Written by T.Jackson

Disclaimer: The following is not legal advice, it is our opinion, formed over many years in the electronic surveillance business and having consulted various legal professionals for advice along the way.

Spying on your staff - what South African law says

In South Africa we have legislation dealing specifically with the interception and monitoring of the communications of others. Communications includes face-to-face conversations, meetings, telephone calls, emails, snail mail, two-way radio communication etc.

In the context of electronic surveillance the spirit of the law is simply this: If you’re going to learn something you would otherwise not have known, then it’s probably illegal, otherwise it’s okay.

The law says that you may intercept and monitor any communication to which you are a party or with the consent of any person who is a party to the communication or where you have previously informed one of the parties to the communication.

Furthermore, there is provision in the law for the surveillance of staff and the interception of their communication in the workplace for purposes of protecting the interests of the company.

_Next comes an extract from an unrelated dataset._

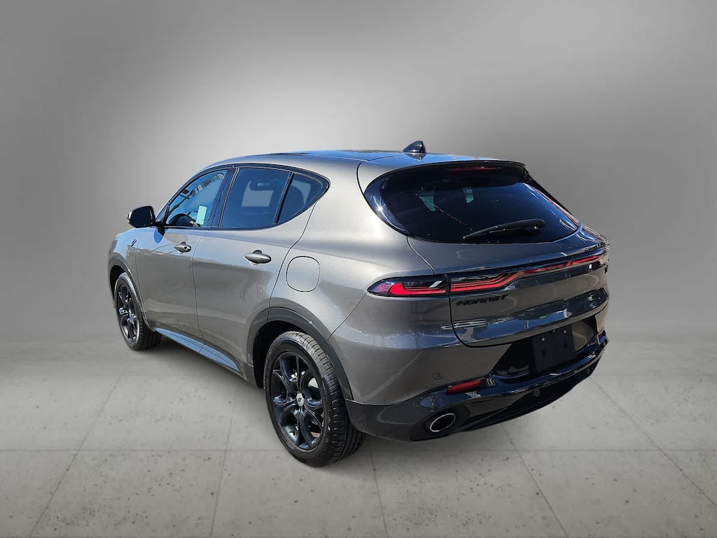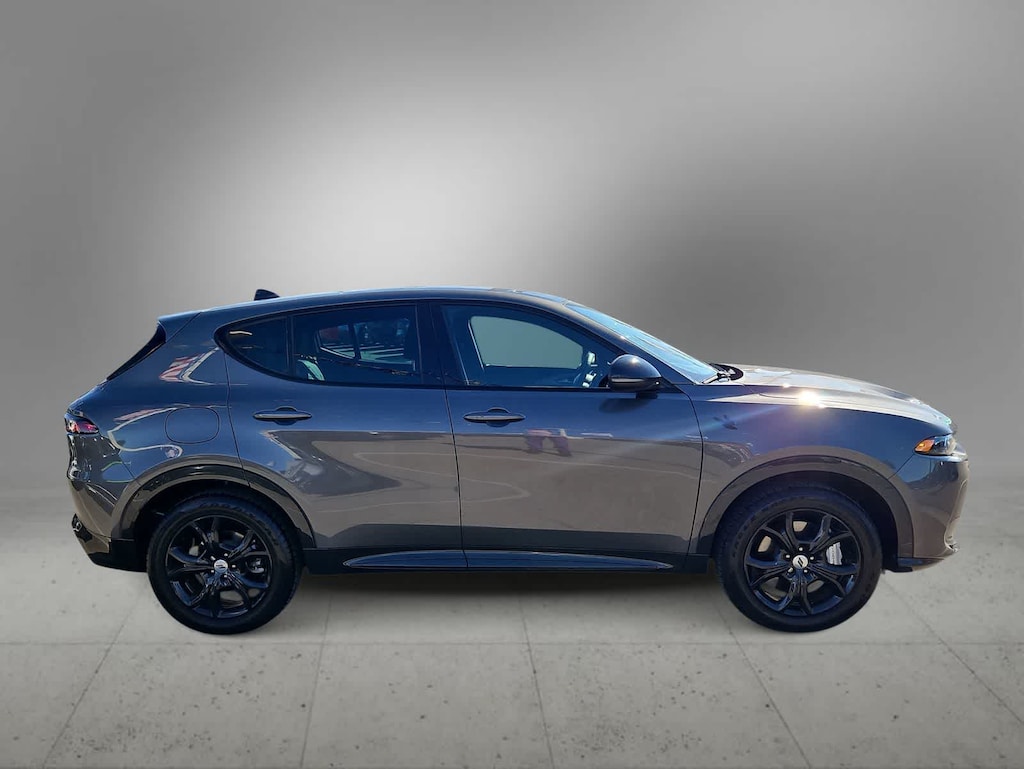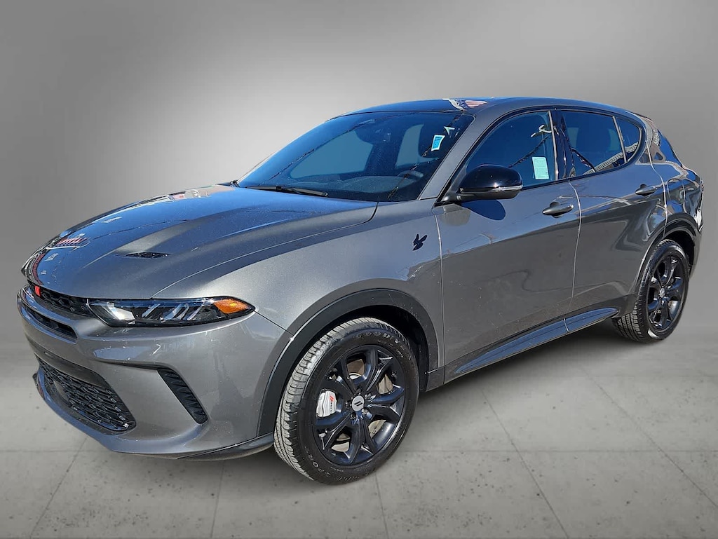 Our One Owner, Accident Free 2024 Dodge Hornet R/T Plus AWD with the Blacktop Pack blends bold style and performance in Gray Cray! Powered by a TurboCharged 1.3 Liter 4 Cylinder and an Electric Motor supplying a combined 288hp to a paddle-shifted 6 Speed Aisin Automatic transmission. Engage PowerShot for maximum acceleration and hold onto the corners with Brembo brakes and a KONI selective damping suspension. This All Wheel Drive SUV also features plug-in capability for nearly 32 miles of EV travel, then switches to gas-hybrid mode to keep on going. Our Blacktop Pack adds 18-inch dark-finish wheels, gloss-black window moldings, black mirror caps, and matching badges to our Hornets dynamic GT grille, LED lighting, a power sunroof, and a hands-free liftgate.

To clarify this it is useful to cite a few real world examples:

  1. You’re one of several people invited to attend a meeting and you secretly record the meeting without the knowledge of anyone else present. This is legal because the recording won’t teach you anything you didn’t already know, given that you were present at the meeting – no one at the meeting would have said anything they didn’t want you to know about.
  2. You hide a recording device in a meeting room prior to a meeting that you are not attending and retrieve it afterwards. That would be illegal unless you had done it with the consent of someone attending the meeting.
  3. You have a recording device connected to your own telephone and you record your calls without disclosing this to the people you talk to on the phone. This is perfectly legal because you are party to the conversations and learn nothing new from the recordings.
  4. You attach a recording device to someone else’s phone and later listen to the recordings, that would be illegal unless you had obtained their permission or had informed them previously that their calls may be recorded.
  5. You monitor the telephone calls of one of your employees to gather proof of them divulging proprietary company information to a competitor. This would be legal on the grounds that it was necessary to protect the company.

In summary then, there is broad scope for the legal use of electronic surveillance in the business environment, especially when it comes to protecting the interests of the business.

Any covert electronic surveillance that you choose to conduct should be carried out by a specialist who has suitable skill and experience to ensure that it’s done properly and with minimal chance of being detected.